Rom, 13. Mai 1981: Die Welt erstarrt. Mitten auf dem Petersplatz wird das Leben von Papst Johannes Paul II. bedroht. Ein türkischer Extremist namens Ali Agca gibt mehrere Schüsse ab, die das katholische Kirchenoberhaupt lebensgefährlich treffen. Diese Tat hat sich tief in das Bewusstsein der Menschen eingegraben.

Aber der 13. Mai hat auch eine heitere Seite. Im Jahr 1971, also exakt ein Jahrzehnt früher, startet im ZDF eine Show, die Fernsehgeschichte schreiben wird. Mit dem legendären Hans Rosenthal geht „Dalli Dalli“ erstmals auf Sendung und wird zum absoluten Kult.

Machtwechsel und eine düstere Vergangenheit

An diesem Tag gab es auch in der Politik ordentlich Bewegung. Philip Rösler übernimmt 2011 den Vorsitz der FDP von Guido Westerwelle, der das Amt lange innehatte. Doch Röslers Zeit an der Spitze ist kurz: Nach einer herben Niederlage bei der Wahl 2013 macht er den Weg frei für Christian Lindner.

Ein Blick weit zurück zeigt eine dunkle Seite der Geschichte nach dem Krieg. In Dachau spricht ein US-Militärgericht im Jahr 1946 Todesurteile gegen 58 Wachmänner des KZ Mauthausen aus. Und hier kommt das schockierende Detail: Von diesen Urteilen wurden 49 wirklich vollzogen.

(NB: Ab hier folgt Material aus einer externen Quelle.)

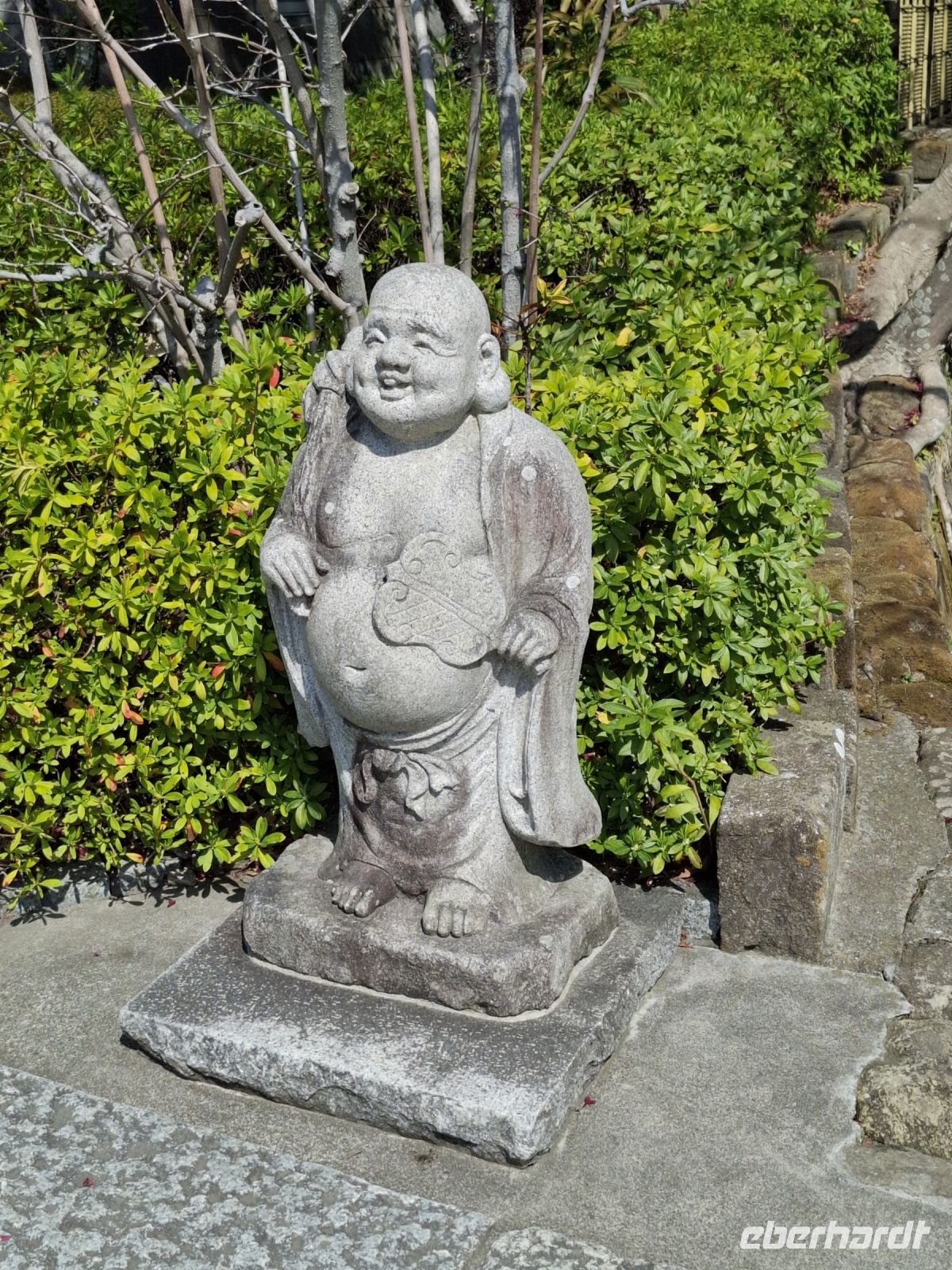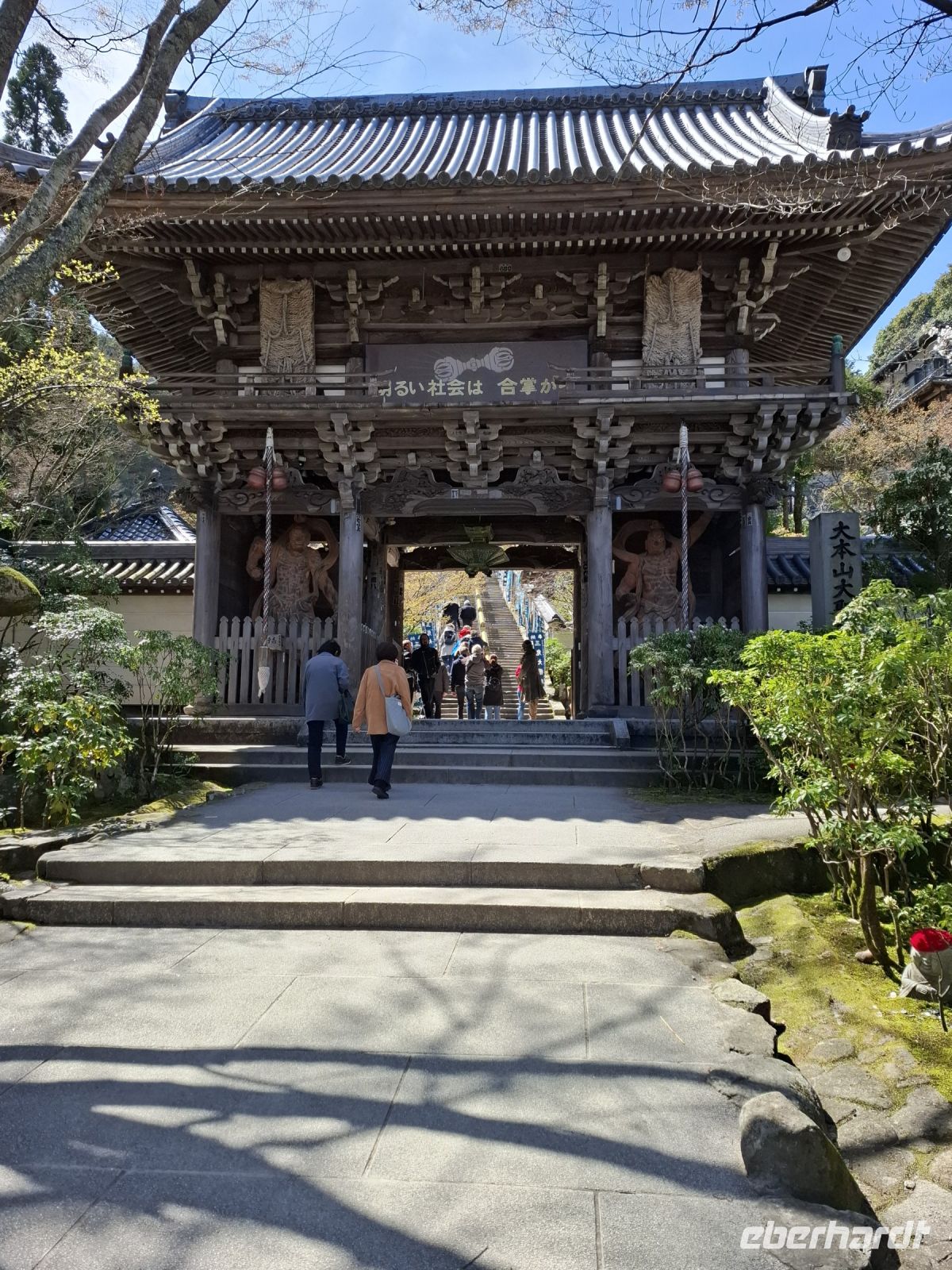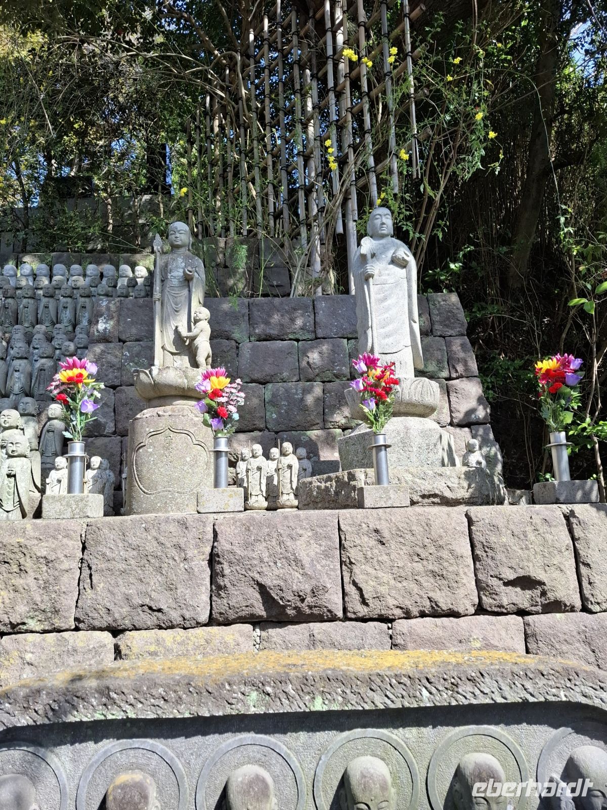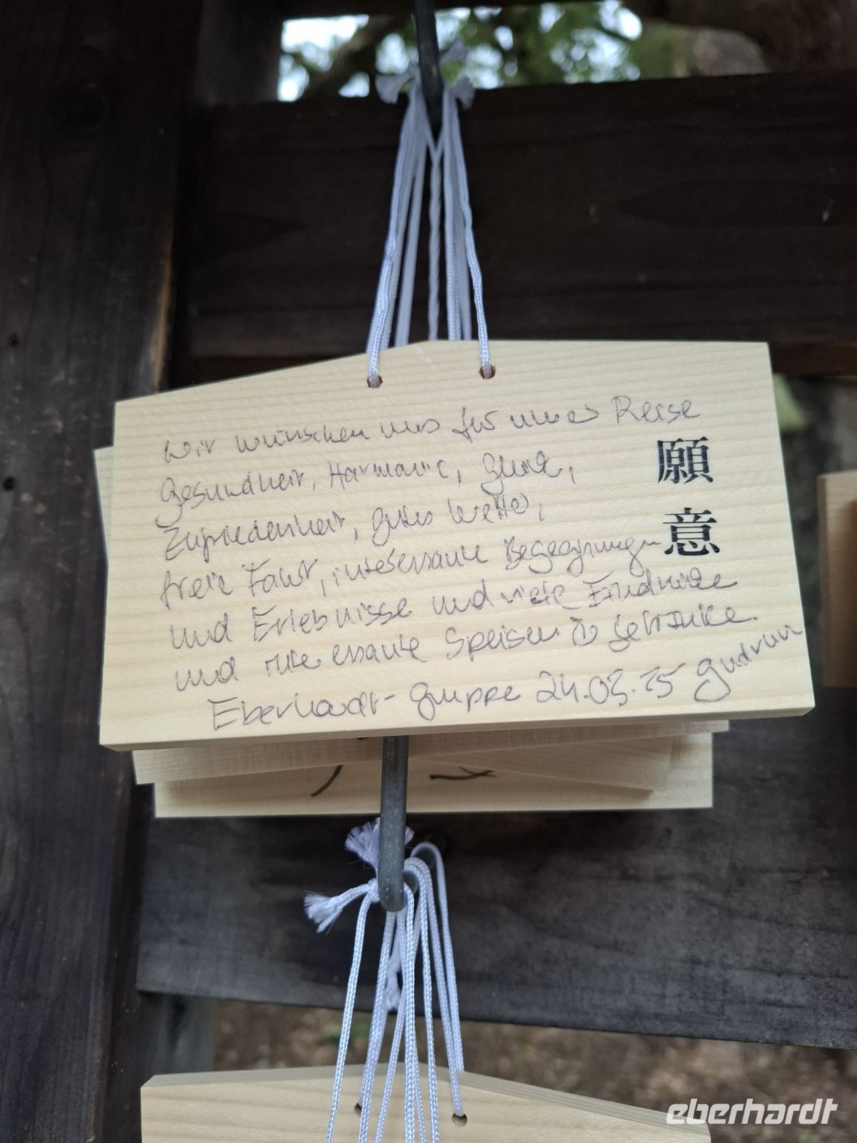 Mit verlassen unser gutes Hotel in Tokyo und treffen uns mit Gepäck am Bus. Wir verabschieden uns von der Präfektur Tokyo und reisen weiter in südliche Richtung. Zunächst befahren wir noch die Autobahnen der japanischen Hauptstadt, die wir schon bald hinter uns lassen aber zunächst lauschen wir noch Gudruns täglicher Weisheit des Tages. Schon nach kurzer Zeit passieren wir das Petrochemiewerk in der Stadt Kawaski auf unserer linken Seiten und nehmen die Brücke namens Yokohama Bay Bridge, die uns näher an unser erstes Ziel am heutigen Tag bringt. Gudrun erzählt uns auf dem Weg nach Kamakura auch alltägliche Dinge wie zum Beispiel die Bedeutung der farbigen Autokennzeichen, denn davon gibt es in Japan drei Stück: weiß, gelb und grün. Nach rund 90minütiger Fahrt erreichen wir die Ortschaft Kamakura, in der heute z.B. einige der wichtigsten japanischen Schriftsteller leben. Die Stadt ist auch sehr beliebt zum Baden in den Sommermonaten Juni und Juli. Heute bestaunen wir aus dem Busfenster hinaus die vielen Surfer, die gegen die Wellen kämpfen und auf einen guten "Ritt" warten. Am dafür vorgesehenen Parkplatz verlassen wir unseren Bus und gemeinsam mit Gudrun gehen wir auf Entdeckungsreise durch die wunderschön angelegte Hasedera-Tempelanlage. Bekannt geworden ist der Tempel durch die Kannon-Statue, die aus massivem Holz besteht. Wir betreten das Areal neben dem Holztor, welches von einem riesigen Lampion geschmückt wird. Die ganze Anlage befindet sich auf zwei, bzw. drei Ebenen. Auf der untersten im Eingangsbereich ist ein wunderschöner Garten mit Teichen angelegt. Daneben gfindet sich befindet sich eine Grotte, die wir in unserer Freizeit besichtigen können. Auf der zweiten Ebene erklärt uns Gudrun den Inari-Schrein mit der Schutzgöttin der Kinder, Jizo-do. Um hier herum sind viele, ja sogar vielleicht hundertere kleine Jizo-Statuen aufgereiht. Auf der dritten Ebene befindet sich das Tempel-Hauptgebäude, in der die Statue der Kannon untergebracht ist. Diese sehr beeindruckende Statue misst eine Größe von fast zehn Metern und auf ihrem Haupt finden sich 11 Köpfe, die die verschiedenen Stufen auf der Suche nach der Erleuchtung repräsentieren. Am Anschluß besuchen wir in Kamakura noch den zweitgrößten in Japan befindlichen Buddha. Er ist 13 Meter hoch, aus Bronze gegossen und ist frei stehend. In seinem Inneren ist er hohl und gegen ein kleines Entgeld kann man das Innere des Buddhas besichtigen. In der Mittagszeit setzen wir unsere Reise fort. Entlang der Küste, die heute sehr staureich ist, fahren wir, vorbei an der Insel Enoshima, zum Ashi-See im Fuji-Nationalpark. Hier besteigen wir ein Piratenschiff und unternehmen eine kleine Seenfahrt, in der Hoffnung, den Fuji-san zu erblicken. Aber leider ist uns das Glück nicht hold aber dennoch hatten wir Spaß während der Fahrt und hoffen morgen auf besseres Wetter. Nicht allzuspät erreichen wir das Ryokan, ein traditionelles japanisches Hotel, wo unsere Gäste heute Nacht die Gelegenheit haben, auf einem Futon ihren Schlaf zu finden. Aber zuvor treffen wir uns zu einem japanischen Abendessen ganz traditionell im Kymono bekleidet.

Für einige Prominente ist der Tag aber ein Grund zum Feiern. Die wunderbare Schauspielerin Senta Berger („Kir Royal“) aus Deutschland und Österreich wird 85 Jahre alt. Auch der britische Schauspieler Robert Pattinson („Twilight“), der durch die „Harry Potter“-Reihe berühmt wurde, feiert seinen 40. Geburtstag. (dpa/red)

Die Liste der Geburtstagskinder geht weiter: Alexander Rybak (40), der Sänger aus Norwegen, der 2009 den ESC gewann, und die US-Basketball-Ikone Dennis Rodman (65) stoßen ebenfalls an. Gleichzeitig erinnern wir an den Schriftsteller und Dramatiker Rolf Hochhuth („Der Stellvertreter“). Er ist im Jahr 2020 gestorben. (dpa/red)

Dieser Inhalt wurde mit Hilfe von KI erstellt.